After six years on the run, Israeli man arrested over divorce refusal

An Israeli man who disappeared nearly seven years ago after refusing to give his wife a religious bill of divorce, known as a get, was found sitting in his car in south Tel Aviv and has been arrested, advocates representing the woman said Wednesday.

Ronen Vital’s whereabouts have been unknown since he stepped out of a rabbinical courtroom in 2015 and vanished. He has declined to divorce his wife, Orly, for 13 years, leaving her in legal limbo.

Six weeks ago, the Yad La’isha legal aid organization received a tip on Vital, according to its director, Pnina Omer. Private investigators pursued the lead over the past month and a half on the organization’s behalf, resulting in his arrest last week, Omer told The Times of Israel.

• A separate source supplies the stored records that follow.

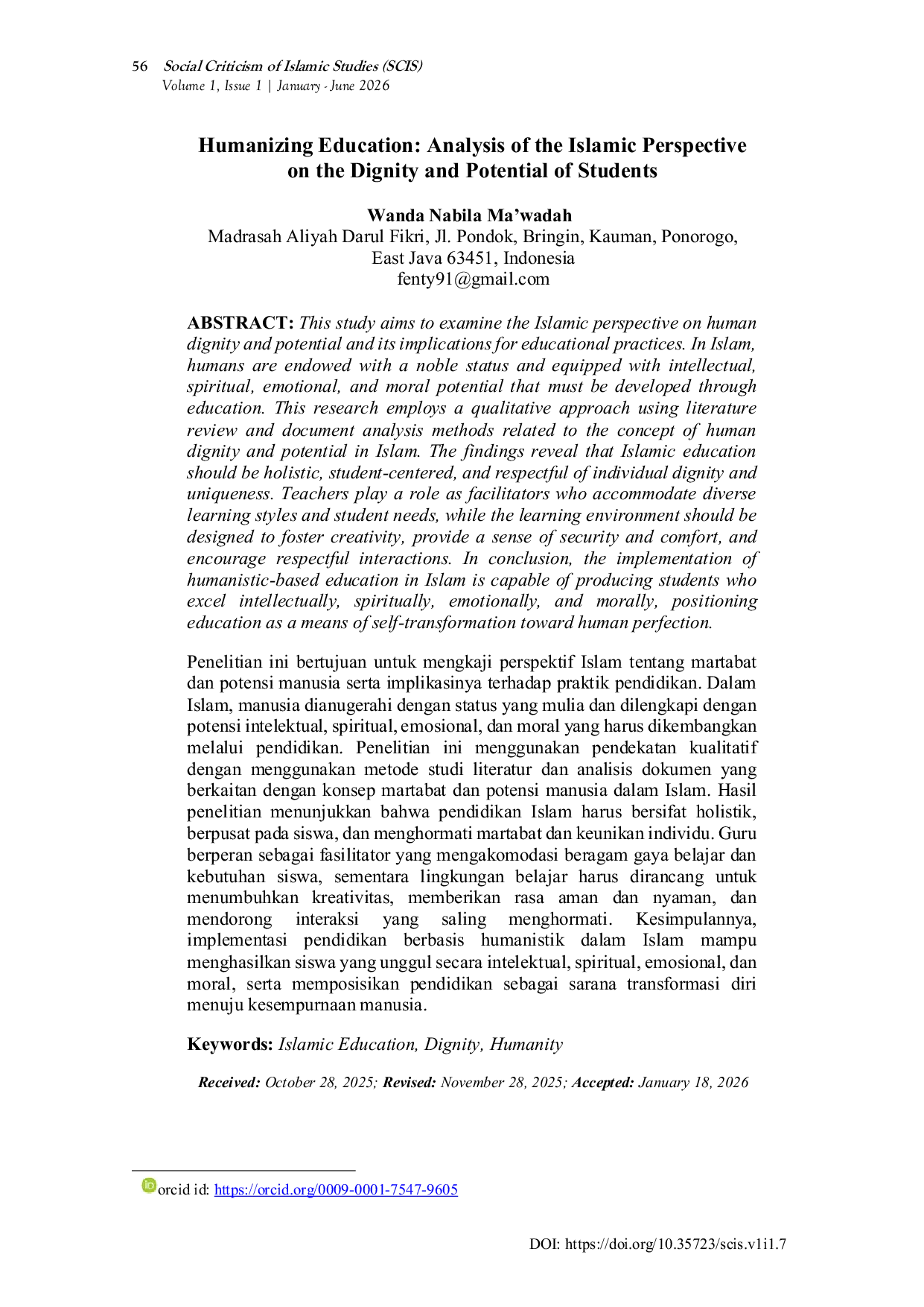 Social Criticism of Islamic StudiesSocial Criticism of Islamic StudiesPenelitian ini bertujuan untuk mengkaji perspektif Islam tentang martabat dan potensi manusia serta implikasinya terhadap praktik pendidikan. Dalam Islam, manusia dianugerahi dengan status yang mulia dan dilengkapi dengan potensi intelektual, spiritual, emosional, dan moral yang harus dikembangkan melalui pendidikan. Penelitian ini menggunakan pendekatan kualitatif dengan menggunakan metode studi literatur dan analisis dokumen yang berkaitan dengan konsep martabat dan potensi manusia dalam Islam. Hasil penelitian menunjukkan bahwa pendidikan Islam harus bersifat holistik, berpusat pada siswa, dan menghormati martabat serta keunikan individu. Guru berperan sebagai fasilitator yang mengakomodasi beragam gaya belajar dan kebutuhan siswa, sementara lingkungan belajar harus dirancang untuk menumbuhkan kreativitas, memberikan rasa aman dan nyaman, serta mendorong saling menghormati. Kesimpulannya, implementasi pendidikan berbasis humanistik dalam Islam mampu menghasilkan siswa yang unggul secara intelektual, spiritual, emosional, dan moral, serta memposisikan pendidikan sebagai sarana transformasi diri menuju kesempurnaan manusia.
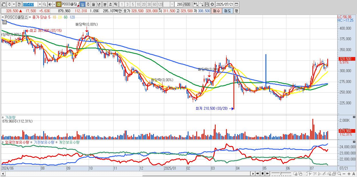 - POSCO홀딩스 (327,000원 ▲ 5.14% , 시총: 264,651억, 외국인 순매수 거래금:357억)
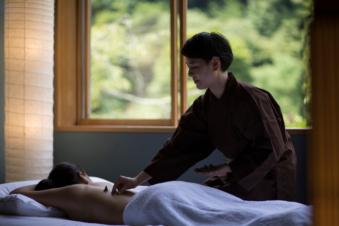 星のや京都では、東洋医学の考えに基づいた施術を行います。客室にて施術師が問診を行い、お灸を据えた後、草根木皮の湯とお茶で身体を整えます。湯とお茶は問診結果をもとに一人ひとりの身体の状態に合わせて用意したもので、免疫力向上に大切な呼吸機能を整える処方です。また、家に帰ってからも健やかに過ごせるよう施術師が、お灸の据え方や入浴法、お茶を飲むタイミングもレクチャーします。

Vital was spotted in his car, wearing a cap to avoid recognition, she said.

Yad L’Isha alerted the police, who quickly arrived at the scene and detained him.

“At first he didn’t want to identify himself, but then he… admitted it was him,” she said.

A man identified as Ronen Vital being arrested in Tel Aviv on September 1, 2021. (Courtesy S. Caspi firm)

Vital has continued to refuse to divorce his wife since his arrest last week, Omer said. Brought to the rabbinical court, he made “all sorts of absurd financial demands,” she said.

Despite his continued recalcitrance, Omer said she’s confident he’ll ultimately give in.

“We aren’t breaking. Orly has patience, she’ll wait for the get, he’ll give the get and until he does he’ll remain under arrest. We’re waiting for that moment,” she said.

In a statement, Orly Vital said she was stunned to discover her estranged husband was living “under our noses” for years.

“It’s incredible to think that he’s literally been living under our noses for all these years, less than an hour from our home. I only hope that he’ll come to his senses and bring this painful chapter to an end, for the good of everyone including himself,” she said.

In Israel, where marriage and divorce are exclusively overseen by the state religious authority, the Chief Rabbinate, divorces are conducted in accordance with Jewish law, which means a man must give a get, or writ of divorce, and the woman must accept it. Should he refuse, dodge the authorities, or be incapacitated, the woman remains locked in the marriage in the eyes of the religious authorities, and by extension, the state.

In many cases, the get is withheld by a recalcitrant and conditioned on large sums of money, the relinquishing of alimony rights, property, and so on, in what advocates say is tantamount to extortion and a form of abuse.

The rabbinical courts in Israel have the jurisdiction to apply far-reaching sanctions against husbands deemed recalcitrant, including banning them from leaving the country, ordering their employment terminated, or arresting them, though these measures are only rarely taken.

Vital was officially declared a recalcitrant husband after fleeing the rabbinical courtroom, six years into the divorce proceedings, according to Orly Vital.

Orly Vital (Irit Amit/Courtesy)

Speaking to The Times of Israel last year, Vital indicated she believed he may have fled abroad.

“They don’t know where he is. He ran away, disconnected his phone. His family early on signaled he was abroad but there was an order barring him from leaving the country so if he left, he left illegally, on a falsified passport and there’s no way to check it,” she said at the time.

According to Vital, a 42-year-old mother of four, the marriage soured after several years and was plagued by a bitter financial dispute between their respective families. When she filed for divorce, she realized early on he would not easily give in.

“Quietly, quietly, he would whisper in my ear, ‘You’ll never get a get, until you give my mother money,’” she said. “He would whisper in my ear because he was afraid I would record him, because he always recorded me.”

Vital stressed in comments to a gathering of women last year that she has moved on with her life, to the best of her ability.

“A sort of revenge that I took against him is that I carried on with my life, that I moved on, that I continued working, that I’m happy. He hasn’t been able to take away my happiness, although he hasn’t allowed me to continue with my life, to get married, to have a relationship, and to have children,” she said. “This is my personal revenge.”